*** Opening Recorded information ***

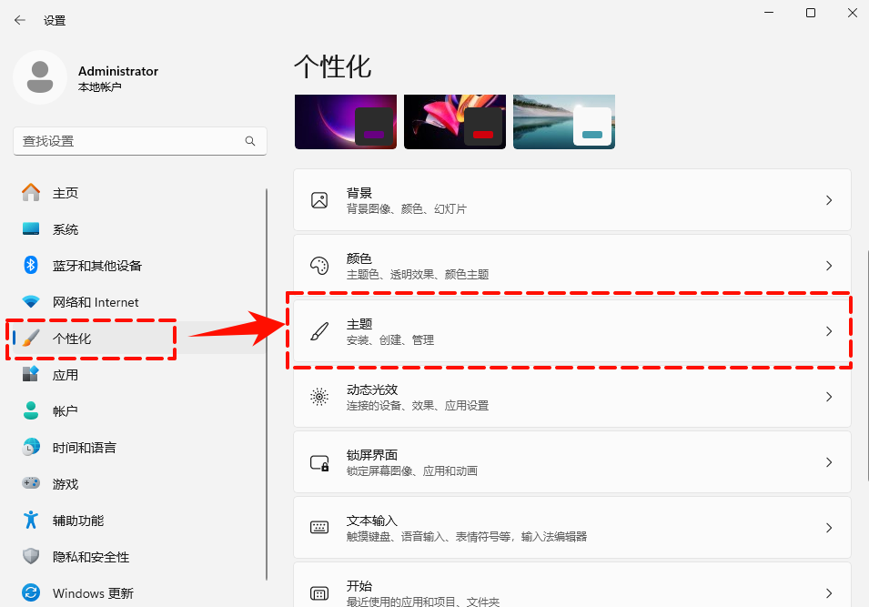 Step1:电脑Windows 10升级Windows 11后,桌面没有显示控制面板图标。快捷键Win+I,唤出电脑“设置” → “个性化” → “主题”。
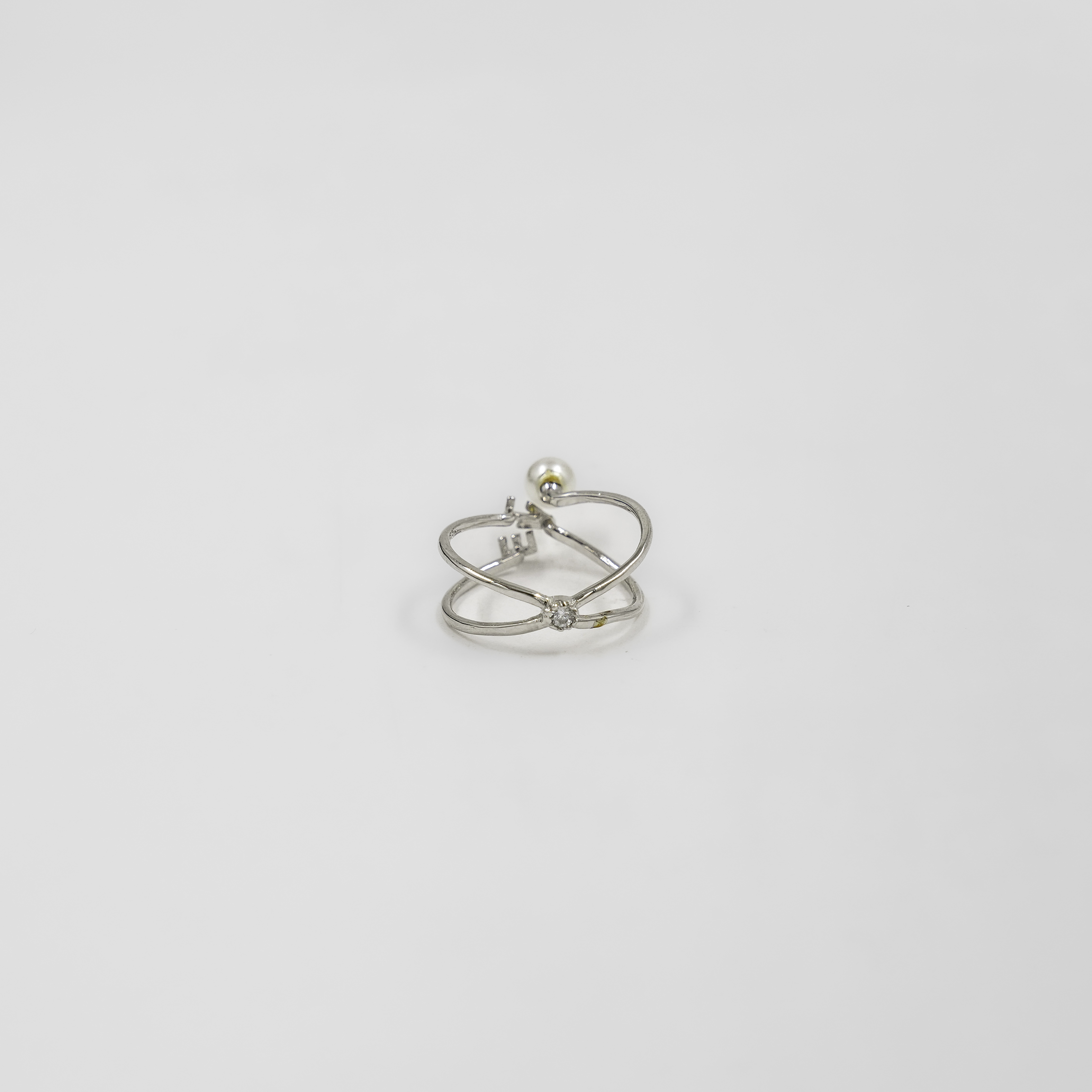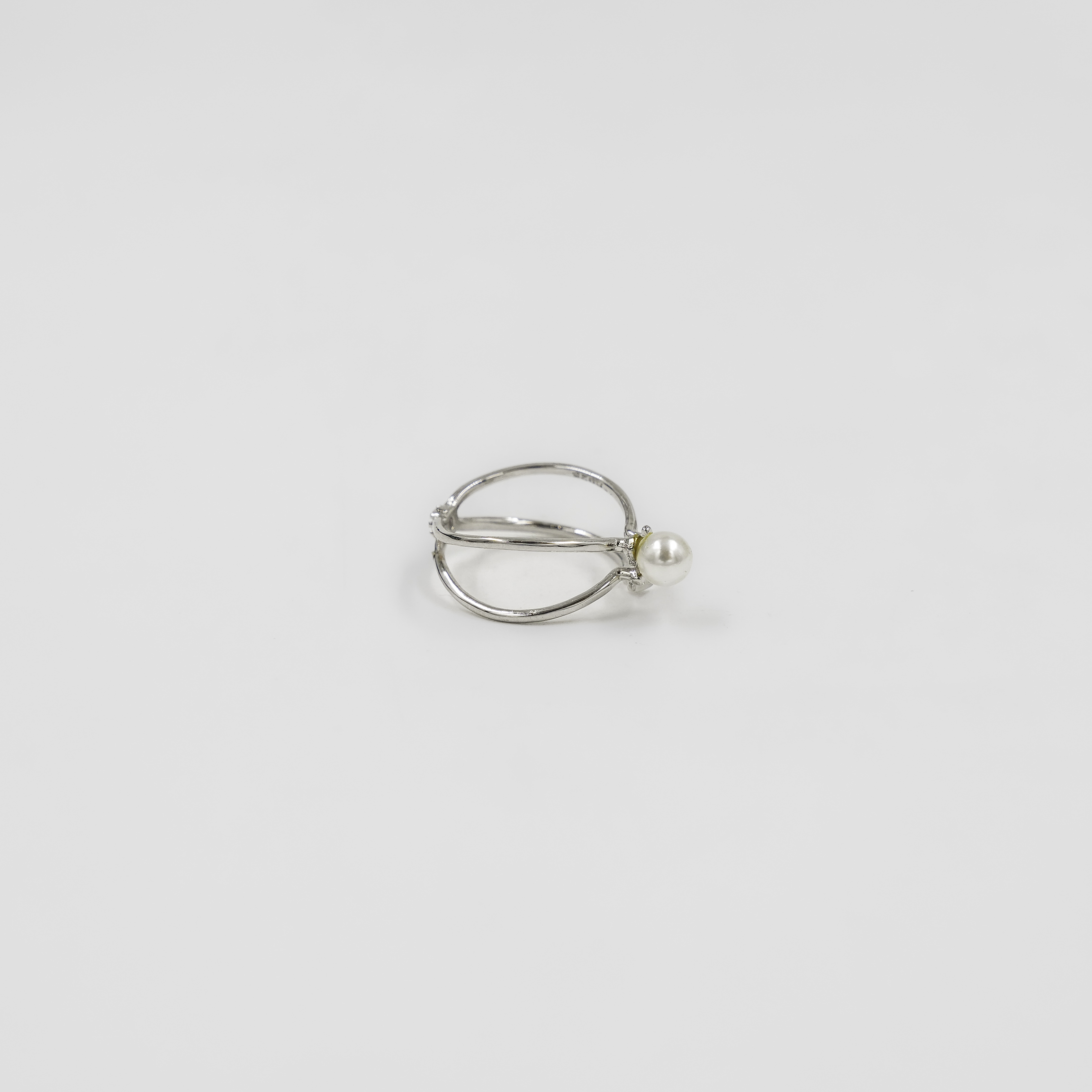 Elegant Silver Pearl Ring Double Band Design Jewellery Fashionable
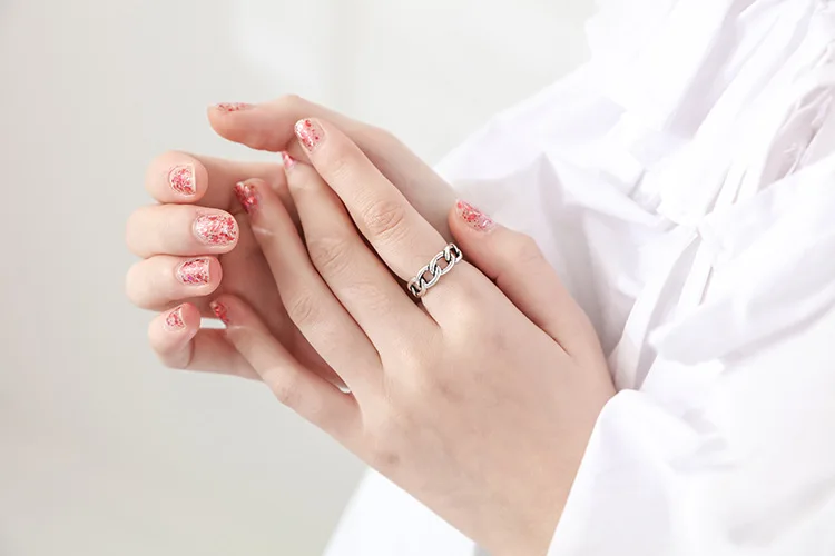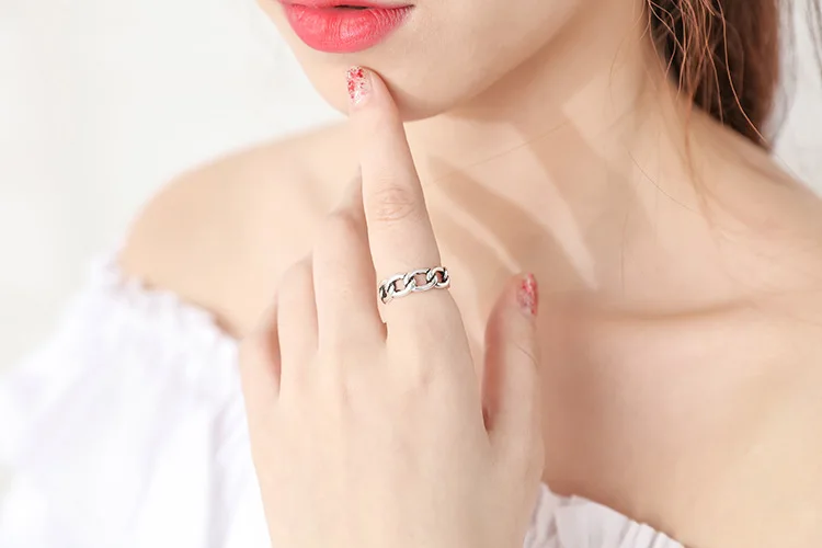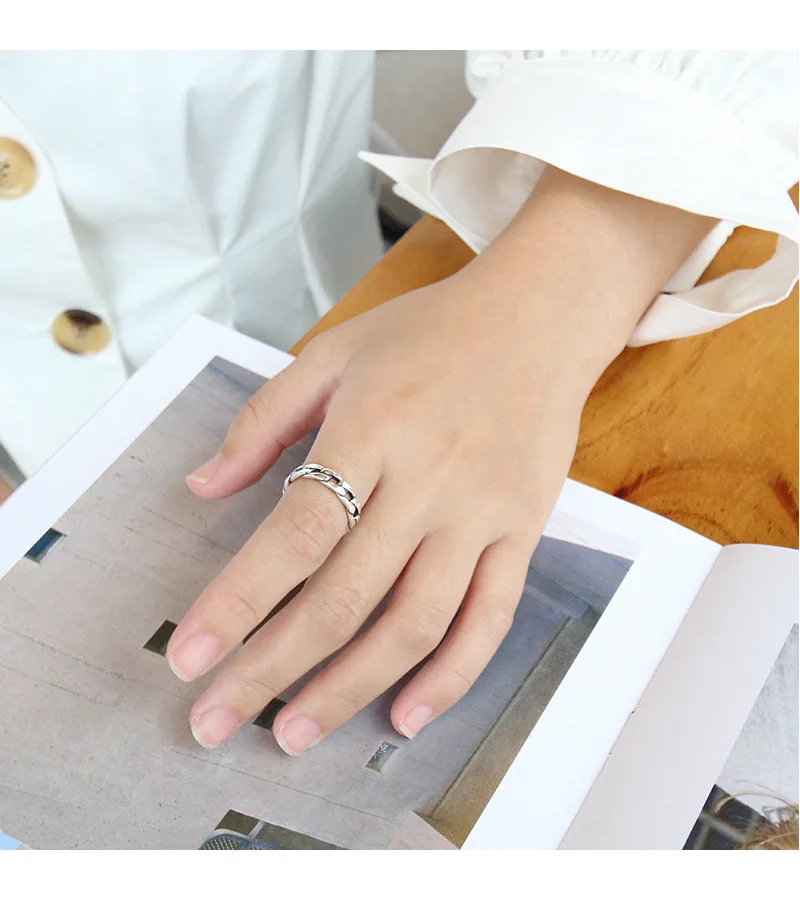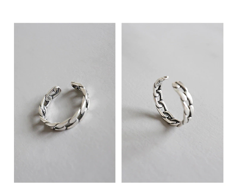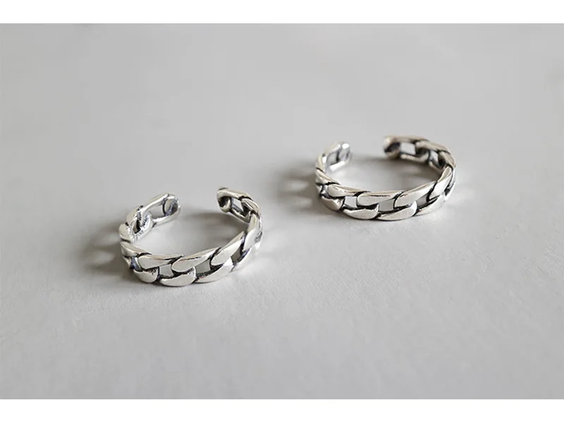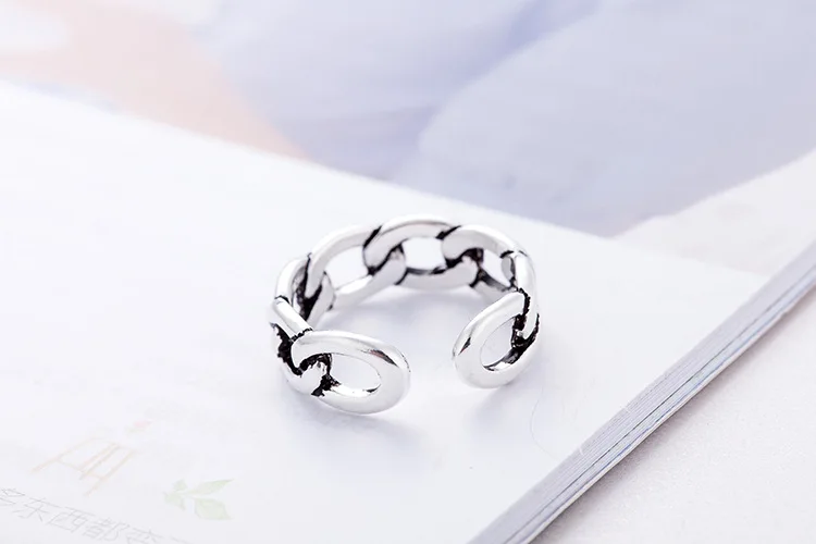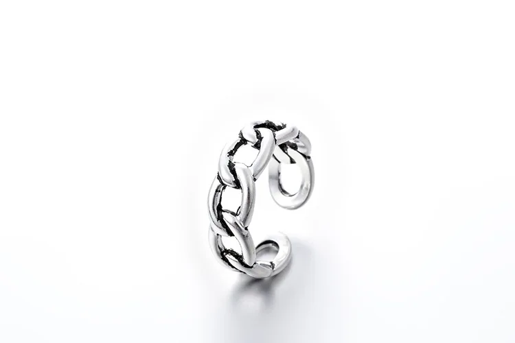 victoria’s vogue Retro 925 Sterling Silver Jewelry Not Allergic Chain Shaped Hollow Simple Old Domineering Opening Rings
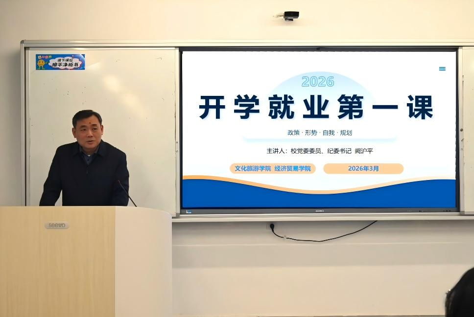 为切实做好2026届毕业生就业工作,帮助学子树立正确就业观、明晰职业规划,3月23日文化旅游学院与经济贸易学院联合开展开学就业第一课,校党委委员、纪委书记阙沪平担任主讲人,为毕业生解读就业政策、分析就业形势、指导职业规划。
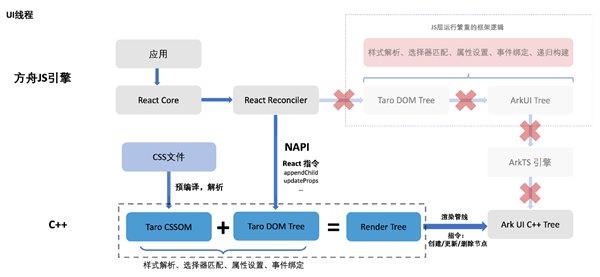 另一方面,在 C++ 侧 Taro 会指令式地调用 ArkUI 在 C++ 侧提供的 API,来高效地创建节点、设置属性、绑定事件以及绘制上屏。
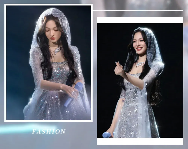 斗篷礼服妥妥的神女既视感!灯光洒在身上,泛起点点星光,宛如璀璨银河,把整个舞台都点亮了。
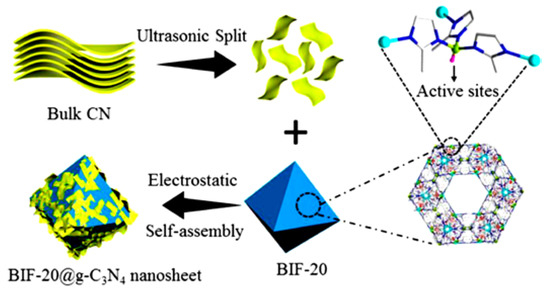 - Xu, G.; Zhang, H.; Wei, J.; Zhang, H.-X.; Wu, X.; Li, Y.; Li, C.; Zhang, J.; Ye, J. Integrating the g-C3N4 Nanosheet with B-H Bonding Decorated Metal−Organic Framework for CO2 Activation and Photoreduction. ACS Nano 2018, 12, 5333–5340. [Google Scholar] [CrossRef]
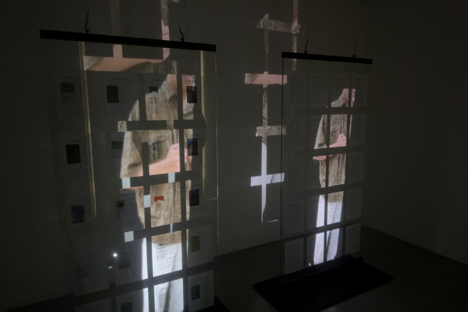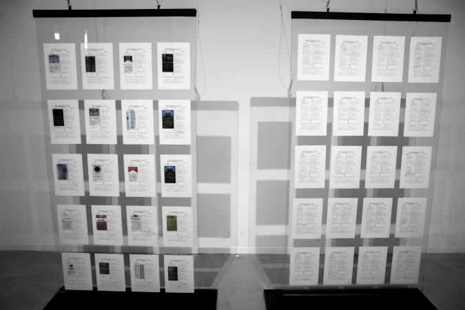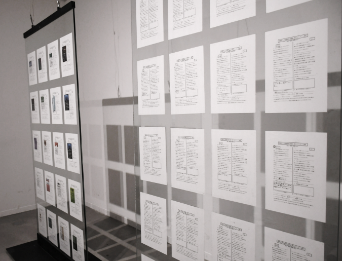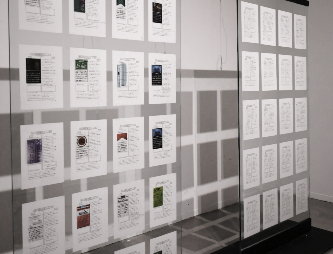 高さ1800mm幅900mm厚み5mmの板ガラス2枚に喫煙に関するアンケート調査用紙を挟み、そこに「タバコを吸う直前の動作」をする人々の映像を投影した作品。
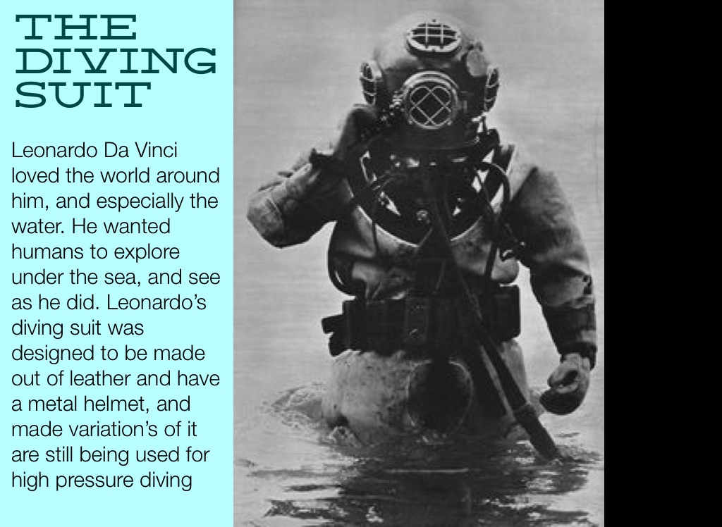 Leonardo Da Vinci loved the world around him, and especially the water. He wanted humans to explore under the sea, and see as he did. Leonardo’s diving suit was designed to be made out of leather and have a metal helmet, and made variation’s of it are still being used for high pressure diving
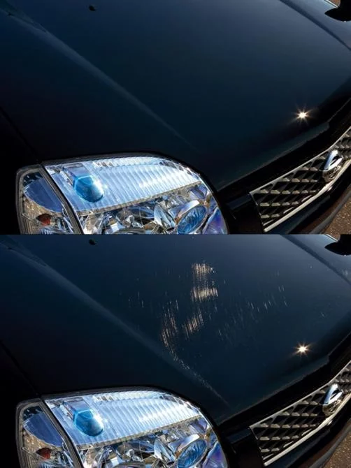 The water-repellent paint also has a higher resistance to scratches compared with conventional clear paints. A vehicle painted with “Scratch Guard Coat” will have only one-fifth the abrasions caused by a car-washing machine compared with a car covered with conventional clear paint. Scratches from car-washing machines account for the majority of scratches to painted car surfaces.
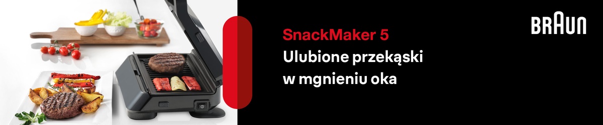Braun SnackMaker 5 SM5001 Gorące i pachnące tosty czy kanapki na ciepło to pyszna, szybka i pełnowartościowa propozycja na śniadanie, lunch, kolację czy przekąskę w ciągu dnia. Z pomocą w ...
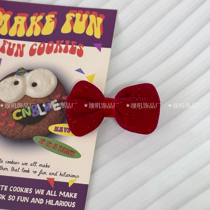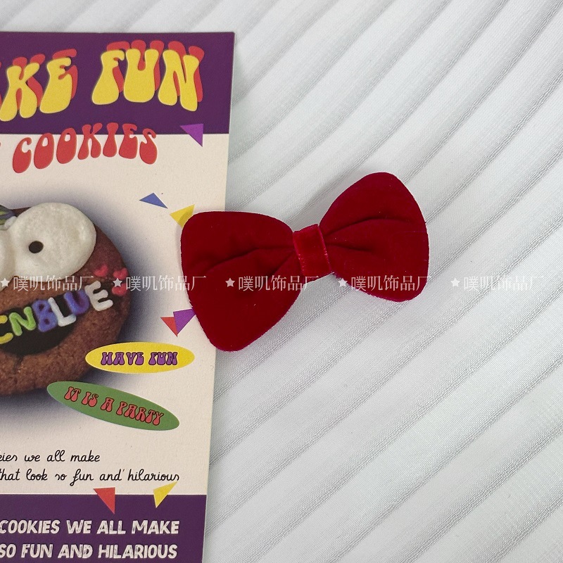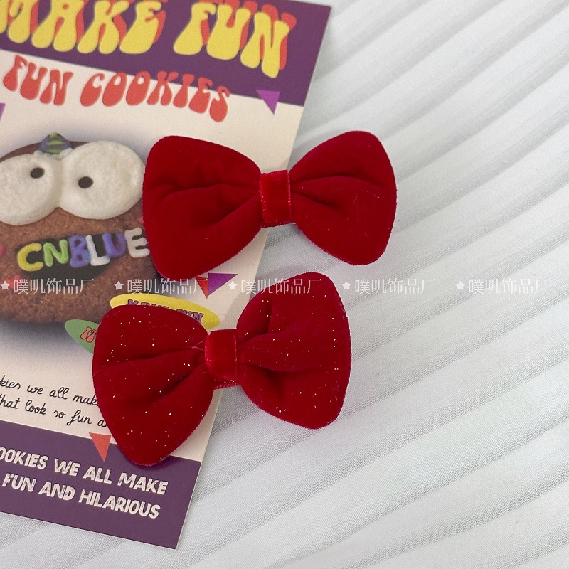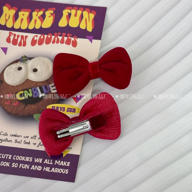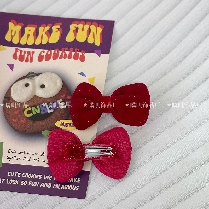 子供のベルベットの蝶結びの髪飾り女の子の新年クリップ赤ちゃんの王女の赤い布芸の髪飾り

*** Closing Recorded information ***

__Work to complete__. Transcribe each entry above character for character, omitting pictures.

__Expected answer__.
 Step1:电脑Windows 10升级Windows 11后,桌面没有显示控制面板图标。快捷键Win+I,唤出电脑“设置” → “个性化” → “主题”。
 Elegant Silver Pearl Ring Double Band Design Jewellery Fashionable
 victoria’s vogue Retro 925 Sterling Silver Jewelry Not Allergic Chain Shaped Hollow Simple Old Domineering Opening Rings
 为切实做好2026届毕业生就业工作,帮助学子树立正确就业观、明晰职业规划,3月23日文化旅游学院与经济贸易学院联合开展开学就业第一课,校党委委员、纪委书记阙沪平担任主讲人,为毕业生解读就业政策、分析就业形势、指导职业规划。
 另一方面,在 C++ 侧 Taro 会指令式地调用 ArkUI 在 C++ 侧提供的 API,来高效地创建节点、设置属性、绑定事件以及绘制上屏。
 斗篷礼服妥妥的神女既视感!灯光洒在身上,泛起点点星光,宛如璀璨银河,把整个舞台都点亮了。
 - Xu, G.; Zhang, H.; Wei, J.; Zhang, H.-X.; Wu, X.; Li, Y.; Li, C.; Zhang, J.; Ye, J. Integrating the g-C3N4 Nanosheet with B-H Bonding Decorated Metal−Organic Framework for CO2 Activation and Photoreduction. ACS Nano 2018, 12, 5333–5340. [Google Scholar] [CrossRef]
 高さ1800mm幅900mm厚み5mmの板ガラス2枚に喫煙に関するアンケート調査用紙を挟み、そこに「タバコを吸う直前の動作」をする人々の映像を投影した作品。
 Leonardo Da Vinci loved the world around him, and especially the water. He wanted humans to explore under the sea, and see as he did. Leonardo’s diving suit was designed to be made out of leather and have a metal helmet, and made variation’s of it are still being used for high pressure diving
 The water-repellent paint also has a higher resistance to scratches compared with conventional clear paints. A vehicle painted with “Scratch Guard Coat” will have only one-fifth the abrasions caused by a car-washing machine compared with a car covered with conventional clear paint. Scratches from car-washing machines account for the majority of scratches to painted car surfaces.
Braun SnackMaker 5 SM5001 Gorące i pachnące tosty czy kanapki na ciepło to pyszna, szybka i pełnowartościowa propozycja na śniadanie, lunch, kolację czy przekąskę w ciągu dnia. Z pomocą w ...
 子供のベルベットの蝶結びの髪飾り女の子の新年クリップ赤ちゃんの王女の赤い布芸の髪飾り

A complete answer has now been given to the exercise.